Statistical analyses were performed using SPSS 20 (IBM, Armonk, NY, USA). Student’s t-test was used to compare continuous variables and the χ² test and Fisher’s exact test were chosen for the comparison of categorical parameters. One-way analysis of variance (ANOVA) was carried out for differences among multiple groups. The cutoff values of CTC and imaging BI-RADS for BC diagnosis were determined using the highest Youden index (sensitivity + specificity − 1). CTC counts or imaging BI-RADS ≥ cutoff values were defined as BC-positive. The receiver operating characteristic (ROC) curves were plotted to evaluate the diagnostic performance parameters, such as sensitivity, specificity, accuracy, and area under the curve (AUC). A p-value less than 0.05 was considered statistically significant.

Results

Clinical characteristics of participants

Clinical and laboratory data of all 343 participants were used for analysis. Demographic, clinical, and pathological characteristics of all participants are summarized in Supplementary Table 1. No significant difference in age was found between the BC group (median age, 53.7 years; range, 29–75 years) and the negative control group (median age, 43.2 years; range, 22–73 years). Among 102 BC patients, 101 underwent ultrasonography, 84 had mammography, and 91 received MRI. In the negative control group, 240 underwent ultrasonography, 106 had mammography, and 6 received MRI. Most patients in the BC group had early-mid stage cancer confirmed by a biopsy and histopathological analysis, with 42 having AJCC stage I BC, 47 with stage II BC, and 13 with stage III BC; no stage IV cases were found in the BC group.
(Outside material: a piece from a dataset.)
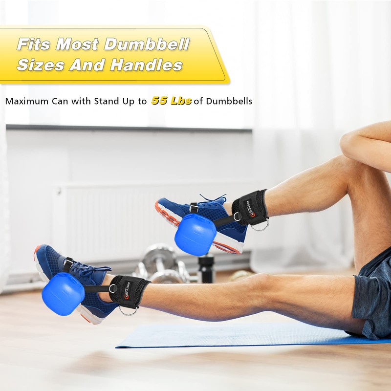 - [Work with dumbbells[The ankle straps can work with dumbbells to build your leg strength and sculpt lean legs and glutes. Whether it’s leg extensions, high knees, hamstring curls, raises, donkey kicks, hip flexor strength/power training and so on, you can feel the effect. Make your knees stronger and more powerful.
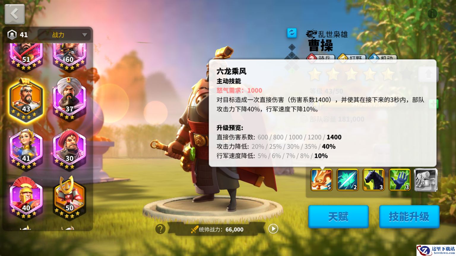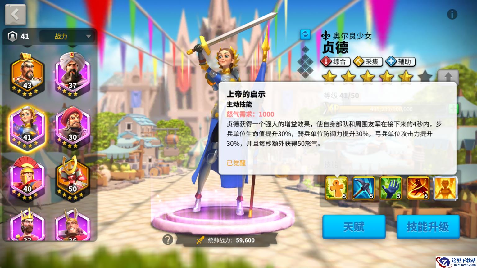 源义经获取门槛非常低,首充就可以获得,并且可以轻松将一技能升到五级,曹操可以从宝箱获得,两个将领的一技能伤害在前期非常可观,加上被动对骑兵攻击的加成和野蛮人的增伤,伤害爆炸。此外曹操一技能还能降低40%的对方攻击力,并且有几率回血,提高了生存能力,在满编T2或者T3T2骑兵混编的情况下,轻轻松松就能拿下圣坛。

Comparing diagnostic performance of CTC tests and imaging BI-RADS for breast cancer

The detection rates (and average counts) of CTC for healthy volunteers, and patients with BBD and BC were 17.2% (0.2), 40.7% (0.5), and 91.2% (2.5), respectively. For participants with clinically diagnosed BC, CTC detection rates (and average counts) in stage I–III BC patients were 92.9% (2.1), 87.2% (2.4), and 100% (4.2), respectively.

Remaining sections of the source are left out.